#### [Your instructions]
In the copy, include every record below exactly as it appears, but no pictures.

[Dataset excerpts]
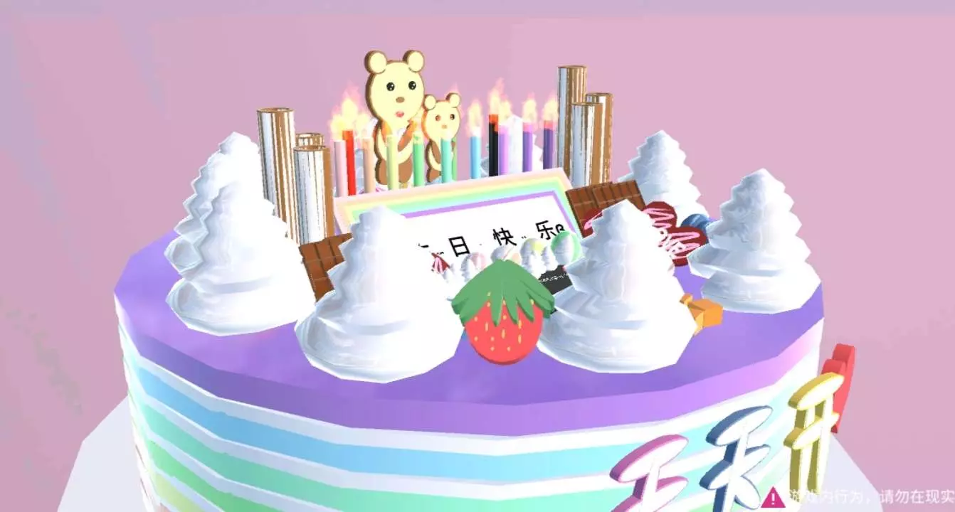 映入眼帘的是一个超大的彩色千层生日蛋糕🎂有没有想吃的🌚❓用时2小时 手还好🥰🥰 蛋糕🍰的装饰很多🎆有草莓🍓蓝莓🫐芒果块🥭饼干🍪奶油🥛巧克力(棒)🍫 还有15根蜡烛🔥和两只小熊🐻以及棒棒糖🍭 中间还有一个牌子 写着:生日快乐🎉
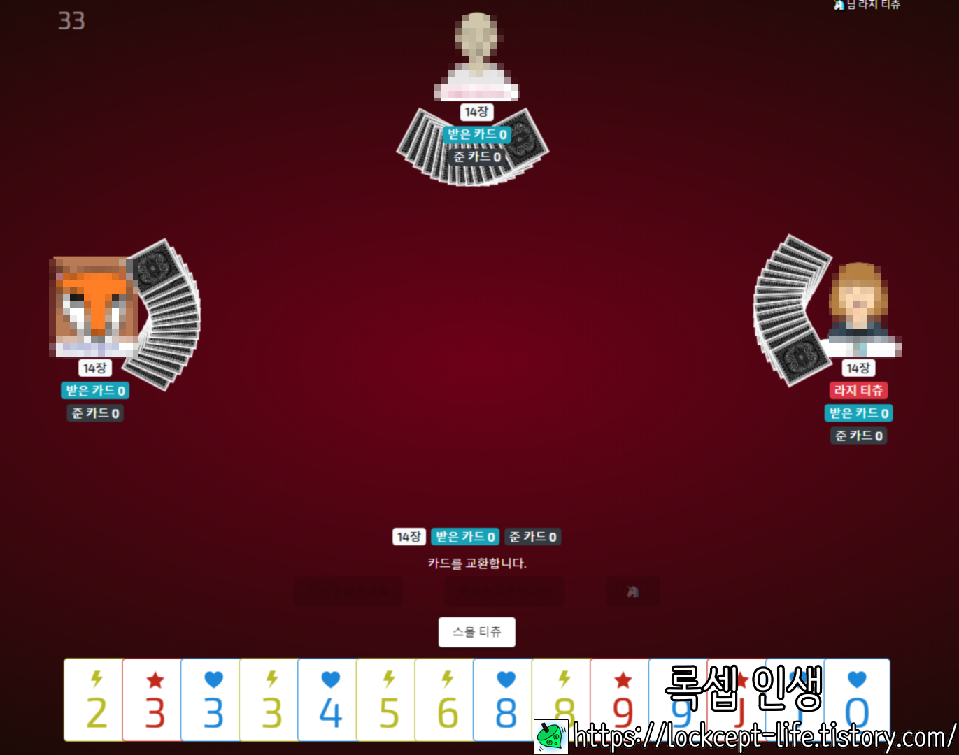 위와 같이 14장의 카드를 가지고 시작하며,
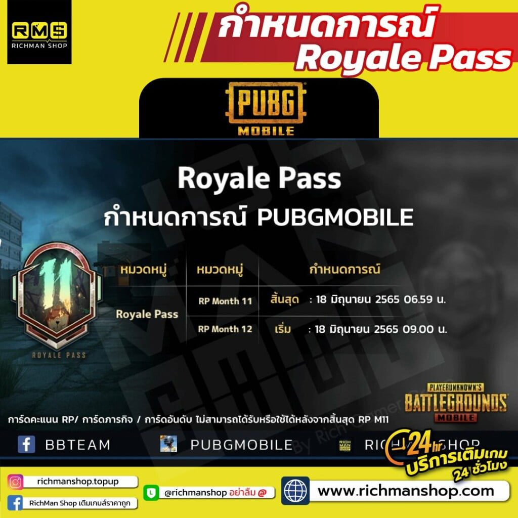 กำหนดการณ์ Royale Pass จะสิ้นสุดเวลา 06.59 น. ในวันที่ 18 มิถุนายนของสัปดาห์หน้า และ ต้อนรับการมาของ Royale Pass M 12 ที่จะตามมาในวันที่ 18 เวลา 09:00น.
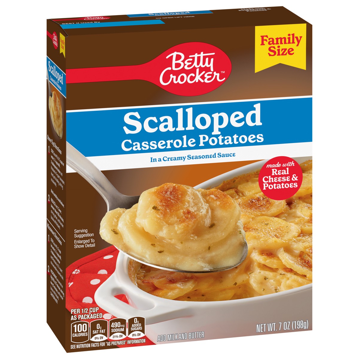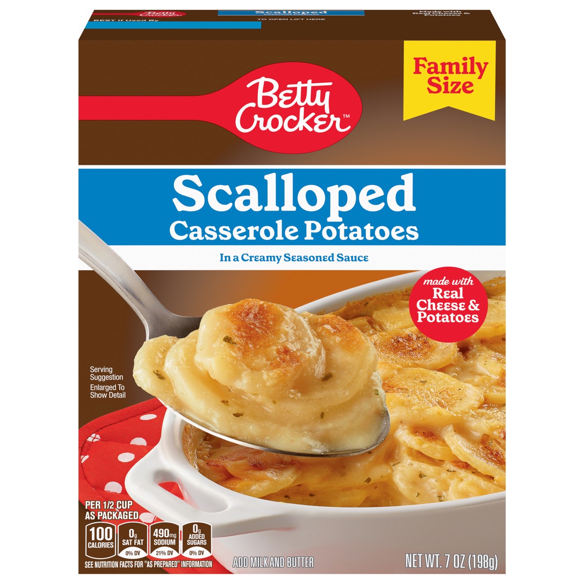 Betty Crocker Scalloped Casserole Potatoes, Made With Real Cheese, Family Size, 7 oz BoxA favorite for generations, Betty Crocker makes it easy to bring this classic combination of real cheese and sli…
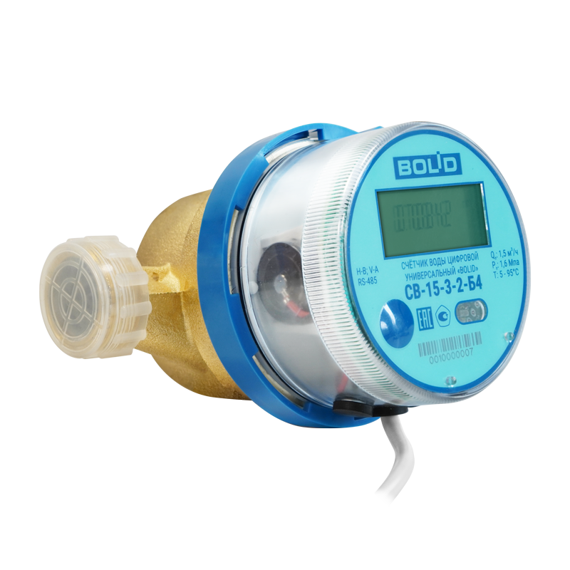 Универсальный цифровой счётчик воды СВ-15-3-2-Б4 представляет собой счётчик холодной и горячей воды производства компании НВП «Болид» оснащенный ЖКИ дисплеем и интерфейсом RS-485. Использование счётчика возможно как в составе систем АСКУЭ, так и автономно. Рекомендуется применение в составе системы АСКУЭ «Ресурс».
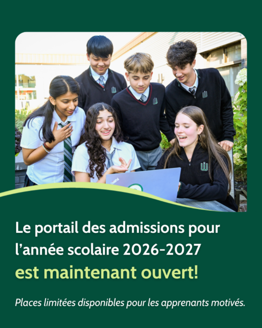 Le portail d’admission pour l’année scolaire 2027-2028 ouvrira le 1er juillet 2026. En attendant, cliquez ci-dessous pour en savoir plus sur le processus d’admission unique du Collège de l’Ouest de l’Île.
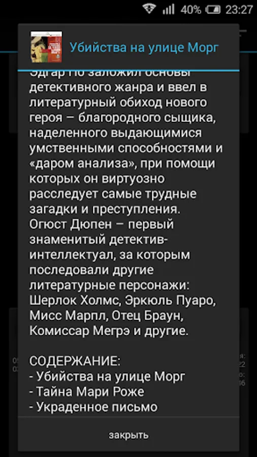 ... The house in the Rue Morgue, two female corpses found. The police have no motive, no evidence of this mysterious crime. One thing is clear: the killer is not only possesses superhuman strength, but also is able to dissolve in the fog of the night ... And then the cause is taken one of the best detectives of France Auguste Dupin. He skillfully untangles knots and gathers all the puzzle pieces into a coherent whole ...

#### [Answer space]
 映入眼帘的是一个超大的彩色千层生日蛋糕🎂有没有想吃的🌚❓用时2小时 手还好🥰🥰 蛋糕🍰的装饰很多🎆有草莓🍓蓝莓🫐芒果块🥭饼干🍪奶油🥛巧克力(棒)🍫 还有15根蜡烛🔥和两只小熊🐻以及棒棒糖🍭 中间还有一个牌子 写着:生日快乐🎉
 위와 같이 14장의 카드를 가지고 시작하며,
 กำหนดการณ์ Royale Pass จะสิ้นสุดเวลา 06.59 น. ในวันที่ 18 มิถุนายนของสัปดาห์หน้า และ ต้อนรับการมาของ Royale Pass M 12 ที่จะตามมาในวันที่ 18 เวลา 09:00น.
 Betty Crocker Scalloped Casserole Potatoes, Made With Real Cheese, Family Size, 7 oz BoxA favorite for generations, Betty Crocker makes it easy to bring this classic combination of real cheese and sli…
 Универсальный цифровой счётчик воды СВ-15-3-2-Б4 представляет собой счётчик холодной и горячей воды производства компании НВП «Болид» оснащенный ЖКИ дисплеем и интерфейсом RS-485. Использование счётчика возможно как в составе систем АСКУЭ, так и автономно. Рекомендуется применение в составе системы АСКУЭ «Ресурс».
 Le portail d’admission pour l’année scolaire 2027-2028 ouvrira le 1er juillet 2026. En attendant, cliquez ci-dessous pour en savoir plus sur le processus d’admission unique du Collège de l’Ouest de l’Île.
 ... The house in the Rue Morgue, two female corpses found. The police have no motive, no evidence of this mysterious crime. One thing is clear: the killer is not only possesses superhuman strength, but also is able to dissolve in the fog of the night ... And then the cause is taken one of the best detectives of France Auguste Dupin. He skillfully untangles knots and gathers all the puzzle pieces into a coherent whole ...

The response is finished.